TASK STATEMENT: Reproduce the listing below exactly, from its first line down to and including the line with "звичайний щітковий двигун.".

RECORDS FOR THIS TASK:
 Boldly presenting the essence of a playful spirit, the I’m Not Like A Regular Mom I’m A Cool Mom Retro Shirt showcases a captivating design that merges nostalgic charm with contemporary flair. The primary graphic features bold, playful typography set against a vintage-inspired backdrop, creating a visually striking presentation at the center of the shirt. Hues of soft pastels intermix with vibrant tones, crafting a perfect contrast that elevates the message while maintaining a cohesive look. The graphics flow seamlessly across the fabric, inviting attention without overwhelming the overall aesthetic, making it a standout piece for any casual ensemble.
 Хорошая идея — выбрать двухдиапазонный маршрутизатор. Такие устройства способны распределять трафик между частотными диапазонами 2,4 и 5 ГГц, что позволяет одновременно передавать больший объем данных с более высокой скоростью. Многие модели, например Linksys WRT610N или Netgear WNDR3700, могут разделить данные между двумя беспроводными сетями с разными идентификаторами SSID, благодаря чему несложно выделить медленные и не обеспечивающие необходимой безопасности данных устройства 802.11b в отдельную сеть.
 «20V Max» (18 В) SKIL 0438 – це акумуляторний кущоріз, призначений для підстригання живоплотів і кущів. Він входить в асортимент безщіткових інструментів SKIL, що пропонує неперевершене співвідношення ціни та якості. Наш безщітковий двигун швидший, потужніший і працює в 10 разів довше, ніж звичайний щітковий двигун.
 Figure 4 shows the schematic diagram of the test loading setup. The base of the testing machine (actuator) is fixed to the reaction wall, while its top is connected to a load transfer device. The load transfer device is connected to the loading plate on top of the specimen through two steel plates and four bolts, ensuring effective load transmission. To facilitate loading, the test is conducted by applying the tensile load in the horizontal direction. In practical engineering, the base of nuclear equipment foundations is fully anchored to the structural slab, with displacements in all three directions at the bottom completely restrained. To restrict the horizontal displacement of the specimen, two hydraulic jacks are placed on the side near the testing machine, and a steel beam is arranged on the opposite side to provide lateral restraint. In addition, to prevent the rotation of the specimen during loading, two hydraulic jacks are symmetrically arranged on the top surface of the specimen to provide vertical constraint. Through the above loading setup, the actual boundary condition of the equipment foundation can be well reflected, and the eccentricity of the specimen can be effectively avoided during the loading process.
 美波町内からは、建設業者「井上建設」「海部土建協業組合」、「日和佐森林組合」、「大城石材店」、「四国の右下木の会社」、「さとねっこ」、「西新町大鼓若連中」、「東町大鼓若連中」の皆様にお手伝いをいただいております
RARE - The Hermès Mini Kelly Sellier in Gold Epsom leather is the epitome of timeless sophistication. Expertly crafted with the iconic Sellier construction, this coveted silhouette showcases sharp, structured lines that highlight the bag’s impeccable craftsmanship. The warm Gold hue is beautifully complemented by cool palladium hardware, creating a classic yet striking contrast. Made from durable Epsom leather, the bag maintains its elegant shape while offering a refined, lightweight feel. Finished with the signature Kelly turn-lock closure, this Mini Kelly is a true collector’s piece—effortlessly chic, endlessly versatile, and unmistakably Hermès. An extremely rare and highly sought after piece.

ANSWER TO THIS TASK:
 Boldly presenting the essence of a playful spirit, the I’m Not Like A Regular Mom I’m A Cool Mom Retro Shirt showcases a captivating design that merges nostalgic charm with contemporary flair. The primary graphic features bold, playful typography set against a vintage-inspired backdrop, creating a visually striking presentation at the center of the shirt. Hues of soft pastels intermix with vibrant tones, crafting a perfect contrast that elevates the message while maintaining a cohesive look. The graphics flow seamlessly across the fabric, inviting attention without overwhelming the overall aesthetic, making it a standout piece for any casual ensemble.
 Хорошая идея — выбрать двухдиапазонный маршрутизатор. Такие устройства способны распределять трафик между частотными диапазонами 2,4 и 5 ГГц, что позволяет одновременно передавать больший объем данных с более высокой скоростью. Многие модели, например Linksys WRT610N или Netgear WNDR3700, могут разделить данные между двумя беспроводными сетями с разными идентификаторами SSID, благодаря чему несложно выделить медленные и не обеспечивающие необходимой безопасности данных устройства 802.11b в отдельную сеть.
 «20V Max» (18 В) SKIL 0438 – це акумуляторний кущоріз, призначений для підстригання живоплотів і кущів. Він входить в асортимент безщіткових інструментів SKIL, що пропонує неперевершене співвідношення ціни та якості. Наш безщітковий двигун швидший, потужніший і працює в 10 разів довше, ніж звичайний щітковий двигун.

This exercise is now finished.